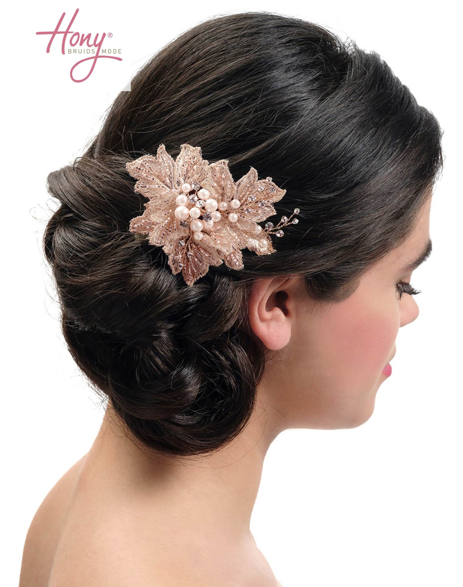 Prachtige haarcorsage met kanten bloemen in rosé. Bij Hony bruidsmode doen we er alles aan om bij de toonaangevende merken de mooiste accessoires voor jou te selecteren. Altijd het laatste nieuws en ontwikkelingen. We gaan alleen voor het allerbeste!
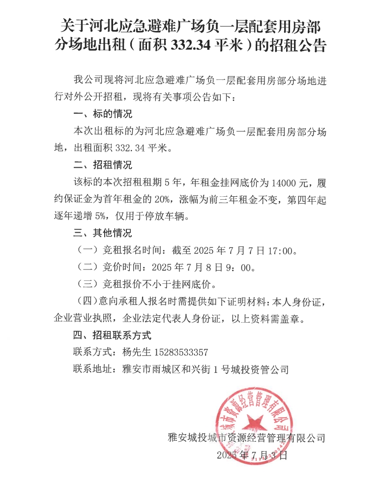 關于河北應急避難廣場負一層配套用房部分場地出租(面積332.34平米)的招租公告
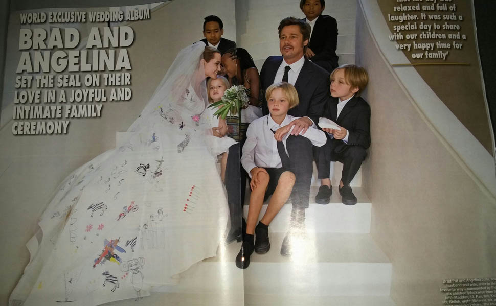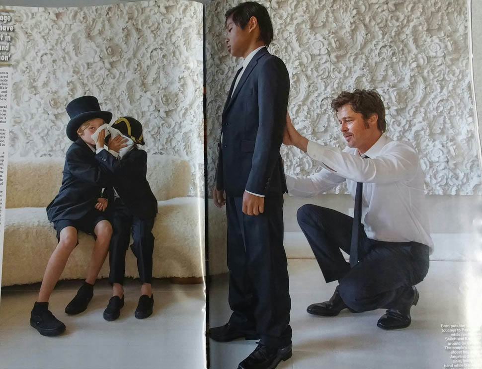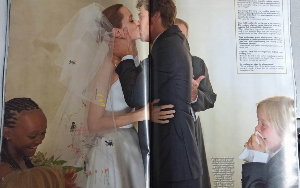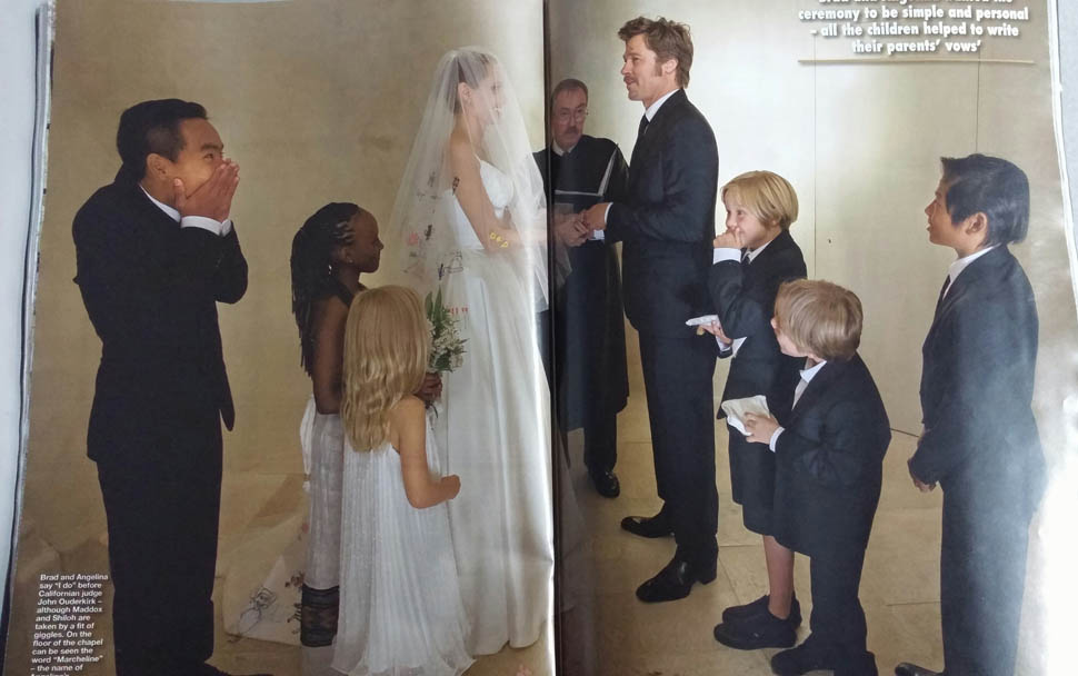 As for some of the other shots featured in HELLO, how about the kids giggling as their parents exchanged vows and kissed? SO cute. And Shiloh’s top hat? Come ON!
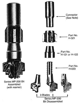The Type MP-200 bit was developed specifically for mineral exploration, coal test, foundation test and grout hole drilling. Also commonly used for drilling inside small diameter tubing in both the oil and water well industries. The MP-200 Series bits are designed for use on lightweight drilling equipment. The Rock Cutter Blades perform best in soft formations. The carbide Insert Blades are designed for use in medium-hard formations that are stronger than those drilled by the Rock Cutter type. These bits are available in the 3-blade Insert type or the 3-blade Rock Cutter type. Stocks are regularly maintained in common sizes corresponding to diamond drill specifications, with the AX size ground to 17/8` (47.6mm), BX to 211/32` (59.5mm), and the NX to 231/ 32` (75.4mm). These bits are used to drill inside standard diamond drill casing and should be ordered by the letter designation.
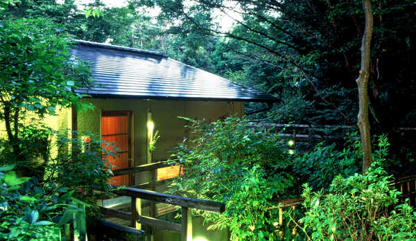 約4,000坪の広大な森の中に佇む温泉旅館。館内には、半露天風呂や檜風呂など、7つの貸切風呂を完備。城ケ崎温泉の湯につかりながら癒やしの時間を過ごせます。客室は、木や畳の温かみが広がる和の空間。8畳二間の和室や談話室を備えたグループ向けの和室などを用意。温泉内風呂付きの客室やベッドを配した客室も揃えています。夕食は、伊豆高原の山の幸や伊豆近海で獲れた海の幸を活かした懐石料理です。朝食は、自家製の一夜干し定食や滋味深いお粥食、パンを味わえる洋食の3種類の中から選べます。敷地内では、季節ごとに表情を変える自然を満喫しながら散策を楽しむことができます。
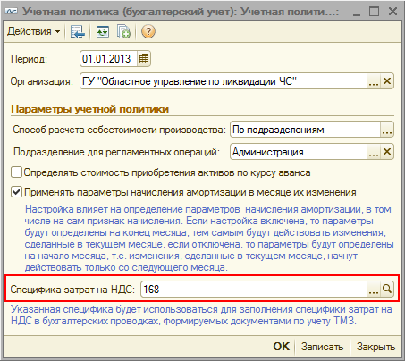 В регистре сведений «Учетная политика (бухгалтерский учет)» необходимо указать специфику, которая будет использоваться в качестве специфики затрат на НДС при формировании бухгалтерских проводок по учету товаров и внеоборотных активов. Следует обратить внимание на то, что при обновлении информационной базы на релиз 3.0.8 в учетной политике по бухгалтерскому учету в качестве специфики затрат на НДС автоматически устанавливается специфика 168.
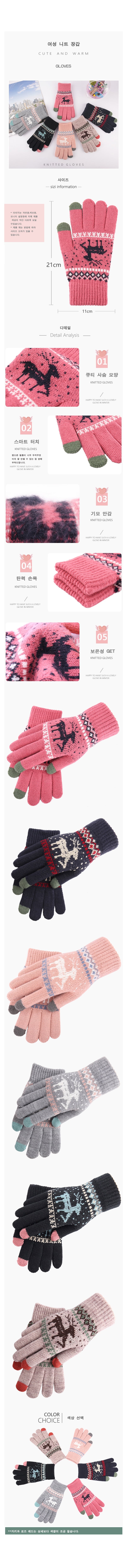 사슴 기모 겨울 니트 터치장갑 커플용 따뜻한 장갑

--

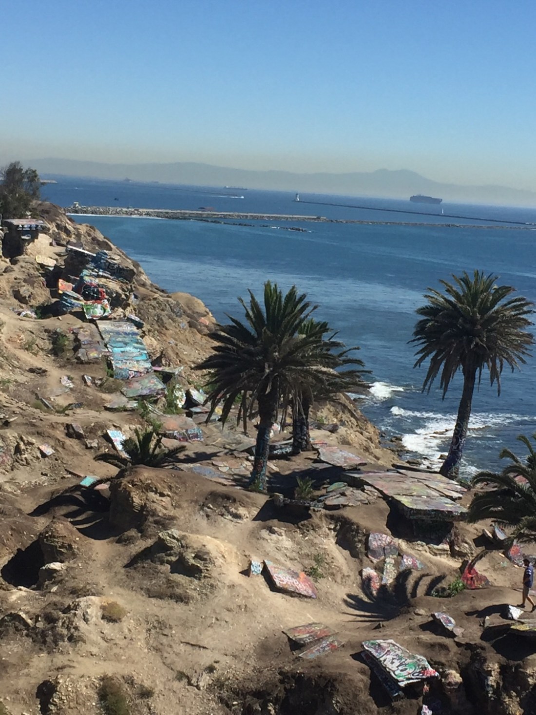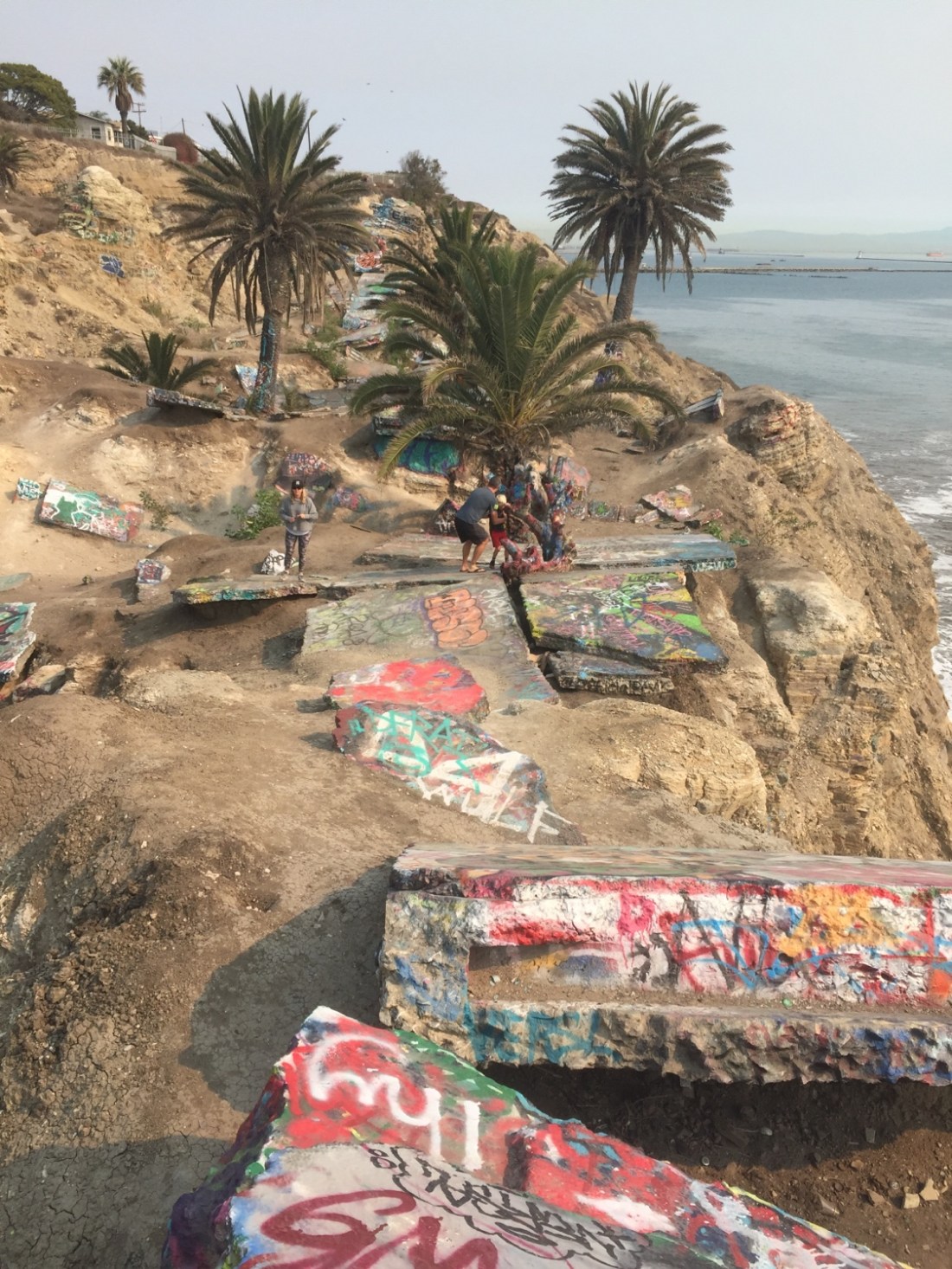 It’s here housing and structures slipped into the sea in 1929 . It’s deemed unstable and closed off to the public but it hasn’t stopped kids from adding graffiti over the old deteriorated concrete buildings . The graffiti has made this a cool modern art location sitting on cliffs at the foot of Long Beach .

* * *

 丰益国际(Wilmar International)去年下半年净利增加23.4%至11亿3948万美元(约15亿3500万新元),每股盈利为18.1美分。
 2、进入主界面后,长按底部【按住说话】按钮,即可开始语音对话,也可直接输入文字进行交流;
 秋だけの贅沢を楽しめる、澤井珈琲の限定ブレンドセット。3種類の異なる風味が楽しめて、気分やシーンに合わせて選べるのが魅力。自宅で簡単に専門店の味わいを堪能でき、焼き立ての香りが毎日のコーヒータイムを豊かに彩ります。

■ Work order ■
Would you print exactly the lines in the listing above, from the line bearing "關于河北應急避難廣場負一層配" through the line bearing "As for some", leaving out all pictures?

■ Reply to the task ■
 關于河北應急避難廣場負一層配套用房部分場地出租(面積332.34平米)的招租公告
 As for some of the other shots featured in HELLO, how about the kids giggling as their parents exchanged vows and kissed? SO cute. And Shiloh’s top hat? Come ON!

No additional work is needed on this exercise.